**ASSIGNMENT:**
Would you transcribe the records below exactly, omitting every picture?

**MATERIAL FOR THIS EXERCISE:**

▽

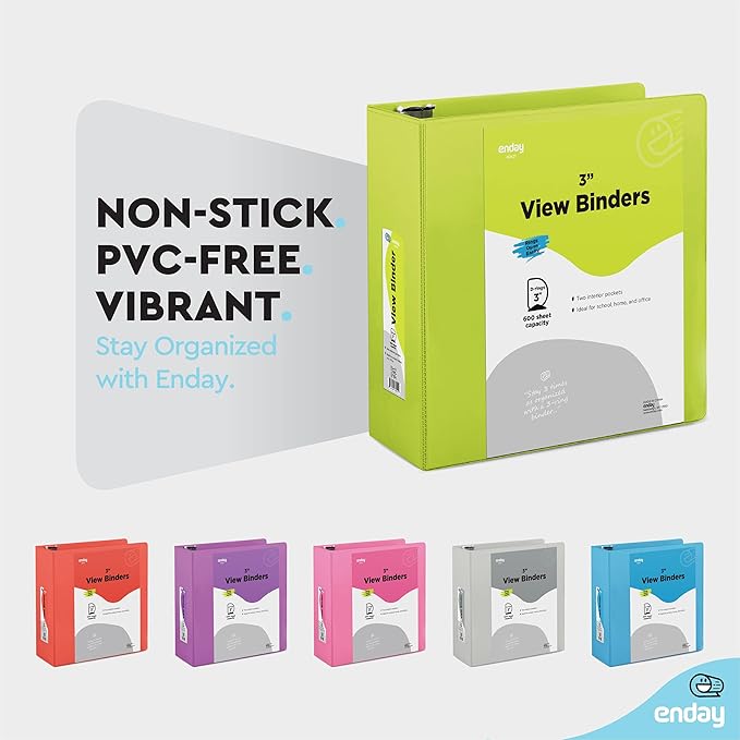 3 Inch Binder 3 Ring Binders Green, Slant D-Ring 3” Clear View Cover with 2 Inside Pockets, Heavy Duty Colored School Supplies Office and Home Binders – by Enday
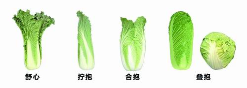 大白菜叶球的几种抱合方式。河北农业大学供图
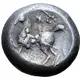 Descrizione del rovescio Stylised rider on horseback to left; wreath above, three pellets either side of rider`s leg.
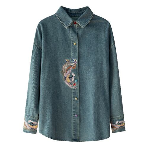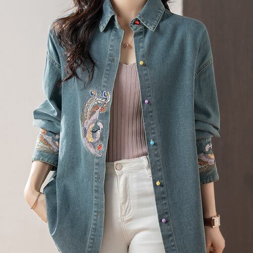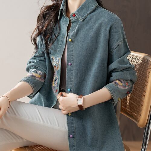 初回送料無料 新作レディースファッション カジュアル ゆったり 刺繍デニムシャツ 人気トップス
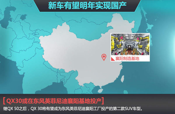 英菲尼迪在推进产品本土化方方面的速度着实令业界惊叹,东风英菲尼迪仅仅成立半年时间,就已经推出了包括QX 50和Q50L两款国产车型,QX 30有望成为第二款国产SUV。“在英菲尼迪的既定计划中,在2018年要实现在中国市场年销量10万辆目标,在这其中,国产车型至少将超过50%。”在此之前,戴雷宣布英菲尼迪中期销量计划时表示,东风英菲尼迪襄阳工厂将有望成为QX 30国产化的制造基地。
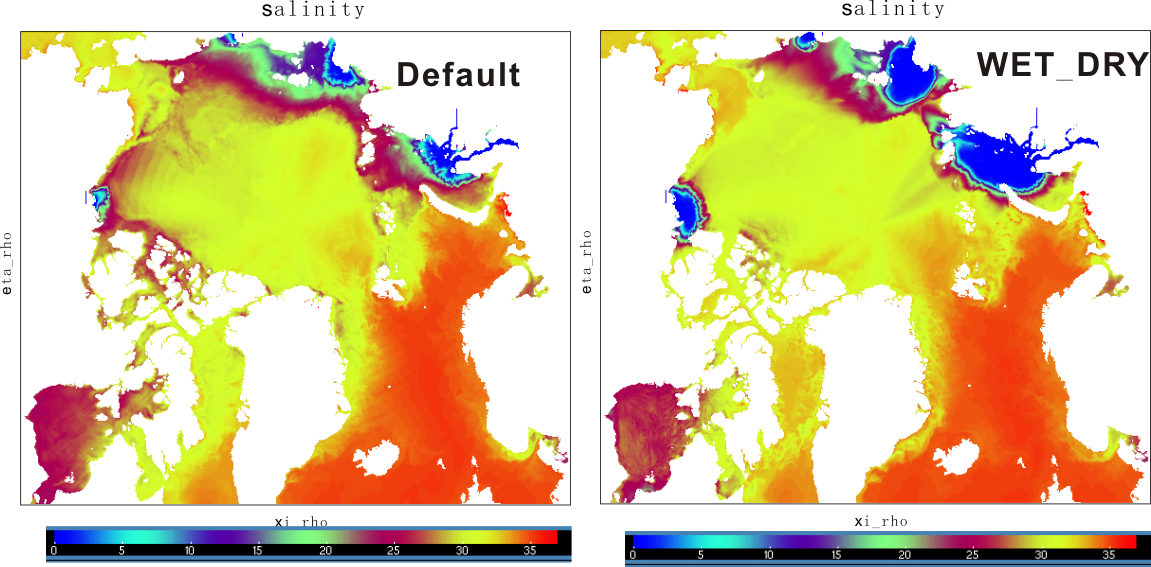 I am running ROMS ICE model. the model run smoothly without tide for 20 years. But after added tidal forcing to open boudary. it reports toubles in ice frazil. so I follow Kate's advices. I turn on #Define WET_DRY and make a test without tide. Fortunately, it work well and never give ice frazil problem. after integrated 8 months. I check the Sea Surface Salinity and found that river plumes is abnormal compared with undefined WET_DRY experiment. the river plumes simulated by experiment with WET_DRY extend enormously than experiment without . see picture below
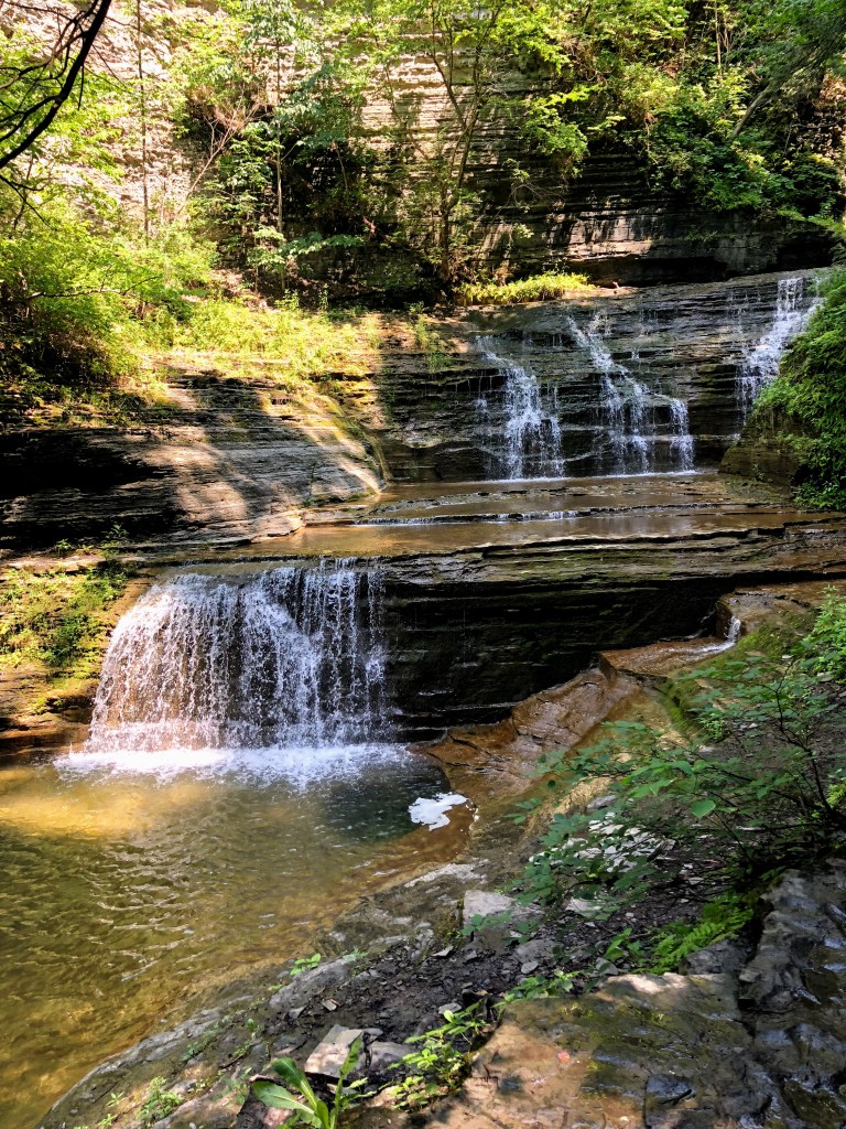 Buttermilk Falls is a stunning cascade of waterfalls located in Ithaca, about an hour and fifteen minutes away from Syracuse, New York! The drive to Ithaca is my favorite – it’s so peaceful and as you head into Ithaca you pass so many little waterfalls! This is a super well known spot to cool off, so come early in the day to beat the crowds.
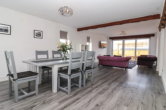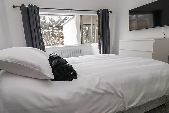 Guests can settle down and plan the day ahead of them in the open-plan sitting and dining room and indulge in hearty meals at the table, prepared using the ample amenities available in the nearby kitchen. When it's time to retire for some well-deserved rest, the master bedroom offers a double bed, en suite shower room and a Smart TV to drift away in comfort to your favourite shows.

△

**ANSWER SECTION:**
 3 Inch Binder 3 Ring Binders Green, Slant D-Ring 3” Clear View Cover with 2 Inside Pockets, Heavy Duty Colored School Supplies Office and Home Binders – by Enday
 大白菜叶球的几种抱合方式。河北农业大学供图
 Descrizione del rovescio Stylised rider on horseback to left; wreath above, three pellets either side of rider`s leg.
 初回送料無料 新作レディースファッション カジュアル ゆったり 刺繍デニムシャツ 人気トップス
 英菲尼迪在推进产品本土化方方面的速度着实令业界惊叹,东风英菲尼迪仅仅成立半年时间,就已经推出了包括QX 50和Q50L两款国产车型,QX 30有望成为第二款国产SUV。“在英菲尼迪的既定计划中,在2018年要实现在中国市场年销量10万辆目标,在这其中,国产车型至少将超过50%。”在此之前,戴雷宣布英菲尼迪中期销量计划时表示,东风英菲尼迪襄阳工厂将有望成为QX 30国产化的制造基地。
 I am running ROMS ICE model. the model run smoothly without tide for 20 years. But after added tidal forcing to open boudary. it reports toubles in ice frazil. so I follow Kate's advices. I turn on #Define WET_DRY and make a test without tide. Fortunately, it work well and never give ice frazil problem. after integrated 8 months. I check the Sea Surface Salinity and found that river plumes is abnormal compared with undefined WET_DRY experiment. the river plumes simulated by experiment with WET_DRY extend enormously than experiment without . see picture below
 Buttermilk Falls is a stunning cascade of waterfalls located in Ithaca, about an hour and fifteen minutes away from Syracuse, New York! The drive to Ithaca is my favorite – it’s so peaceful and as you head into Ithaca you pass so many little waterfalls! This is a super well known spot to cool off, so come early in the day to beat the crowds.
 Guests can settle down and plan the day ahead of them in the open-plan sitting and dining room and indulge in hearty meals at the table, prepared using the ample amenities available in the nearby kitchen. When it's time to retire for some well-deserved rest, the master bedroom offers a double bed, en suite shower room and a Smart TV to drift away in comfort to your favourite shows.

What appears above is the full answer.